嗡~喀嚓。粒子同學做出切換的動作與自製效果音。她好像改變了大腦的轉換連結功能。你真厲害,平常就是這樣分割使用,你的言行舉止才會……(以下略)

為什麼我會問這種問題?

我目前對艾莉歐感到煩躁的理由,或許在於看待「神秘」的方式。所以,我想聽聽別人的意見。

「那個~我做出結論了。」她舉手。

「請說。」我指名。

「是這樣的……」她回答。

粒子同學笑咪咪地露出微笑,盡情展開雙手。店員正好在此時送來牛肉燴飯和湯,她的動作與迷人的笑容當場僵住。

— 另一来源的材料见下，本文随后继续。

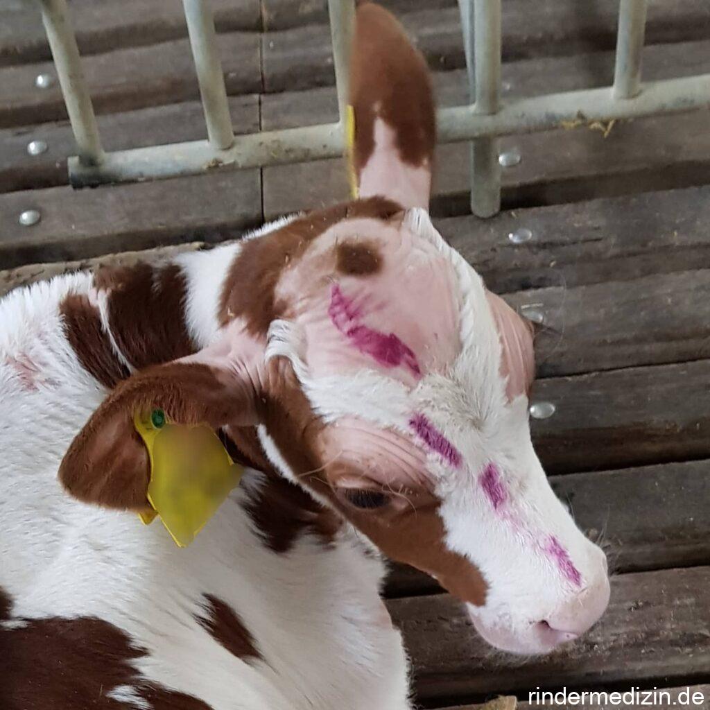 Dieses Kalb ist etwa 2-3 Wochen alt und wurde gerade im Maststall eingestallt. Sofort fällt auf, dass es an allen möglichen Körperteilen Fell verloren hat. Was war passiert?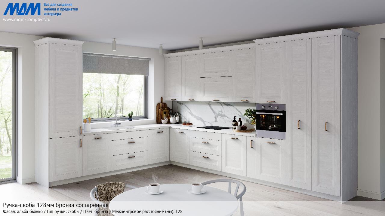 Мебельная Ручка-скоба 128мм бронза состаренная на различных фасадах в кухонном интерьере в стиле классика, лофт, модерн.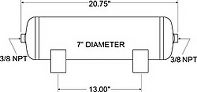 This Firestone air tank provides a source of compressed air for an air spring system. Tank has 3-gallon capacity and (2) 3/8 in. NPT ports. Tank is enamel coated to resist corrosion, tested to be SAE J10 compliant and capable of 150 psi. Features: Provides compressed air source for an air helper spring system Allows for faster inflation of air springs Holds 3 gallons of compressed air Includes (2) 3/8 in. NPT ports Steel tank with brass fittings Resists corrosion with internal and external enamel coating Is SAE J10 compliant Operates at up to 150 psi of maximum pressure Specs: Tank dimensions: 20.75 in. long x 7 in. diameter Tank capacity: 3 gallons Inflation ports: 3/8 in. NPT PSI: Maximum of 150 2-Year limited warranty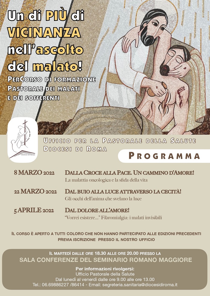 Tutto pronto per la terza edizione del percorso di Pastorale dei malati dal titolo: “Un di più di Vicinanza”. Potranno iscriversi le persone, munite di green pass, che invieranno presso la segreteria il modulo compilato. Il termine massimo per l’iscrizione saranno le ore 12 dell’8 marzo.
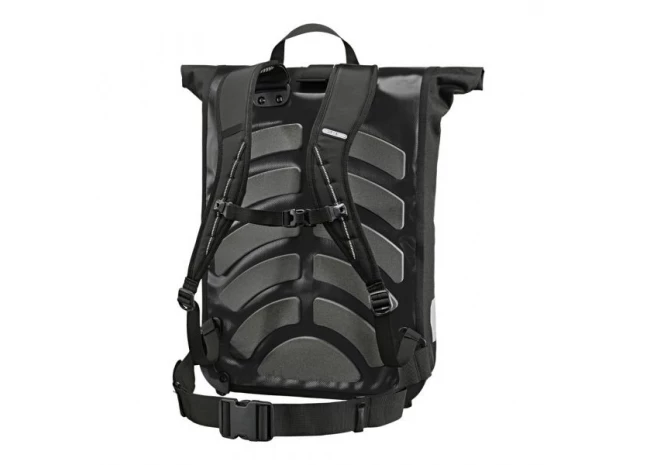 La partie dorsale en mousse, ventilée, ainsi que la ceinture ventrale et la ceinture sternum permettent une assise confortable, avec bonne tenue au corps, un facteur particulièrement essentiel dans les sprints ou en cas de freinage brusque en ville. Une sécurité accrue sur la route – justement en cas de mauvaises conditions météo et à la nuit tombée – est fournie par des bretelles aux contours renforcés de bandes réfléchissantes ainsi que des éléments réfléchissants latéraux.

「唔!」店員的確一臉不可思議的樣子。「嗚喔喔喔~」草食性動物發出謎樣的叫聲。

「啊,你的答案還有下文嗎?」因為她依然展開雙手,我小心翼翼地試著問。

「當然有!」粒子同學振作起來。她重新坐正,整理好凌亂的衣服和頭髮。

她將雙手疊在膝蓋上,宛如女童般稚氣地訴說「神秘」:

「眼睛看到什麼、耳朵聽到什麼、嘴巴說出什麼……對我而言,全都是不可思議。雖然上理化課的時候,學過那些現象為何會發生的結構,但老實說,我一點實感也沒有。還有平常使用的工具也是。像是電話,雖然我懂得用,卻一點也不知道它的原理。汽車雖然很快,我卻不知道它為什麼能跑得那麼快。這樣一想,我知道的東西有多少呢~讓人忍不住困惑起來,什麼都搞不懂了。不過,我的確是因為某些原因而活到今天。偶爾我在睡前會感動地想~是那些神秘的組合,讓我活了下來~」

「………………………………」

我想尋找的答案,立刻找到了。

錯愕以及對近在身邊的賢者的敬意,令我眼眶發熱。

「說的也是。」我不禁露出亂七八糟的笑容。現在的我,看來大概超噁心的吧。

「咦,沒有~我對自己的才疏學淺感到很羞愧。不好意思。」

「粒子同學,合格!」

「呼唷!呀?合格……哇~!」

她遲了一拍才開始高興,握著叉子高舉雙手。

店裡零星的客人全將視線聚集到我們身上,等同於祝福。

像我們這樣子,由社會眼光看來就叫笨蛋情侶……如果是就好了,我的邪念蠢蠢欲動。

——————————

接下來,粒子同學帶我到車站周邊逛逛。

我請她介紹作為我的零用錢基本消耗處的舊書店,也請她告訴我相對便宜的服飾店在哪裡。可惜店裡的男性服裝並不多。

順便一提,我今天最糟糕的發言「什麼是精品店?」已被扔進垃圾箱。刪除、刪除。

……誰來搖掉我的腦細胞吧!

雖然我製造出黑斑大小的被封印歷史,整體來說,這個假日過得非常有意義。青春點數無可挑剔地加了三分。

話說回來,現在統計分數的話會是多少?我只是依現場氣氛隨意進行四則運算,老實說,並未掌握累計的結果。

我在後來去的舊書店裡買了幾本小說。後來在別的地方買下便宜的帽子,戴上之後問粒子同學「適合我嗎?」得到的回答是「啊哈哈!」啊哈哈!

因為某個姑姑在家裡等我,鬧脾氣地說「至少假日也一起吃~晚~飯~嘛~」,我們在五點過後散會。

「後天要交的作業,早上要借我看唷~」粒子同學揮手道別,回去時也是用跑的。與她在車站前分手後,我踩動自行車毫無成效至極的踏板。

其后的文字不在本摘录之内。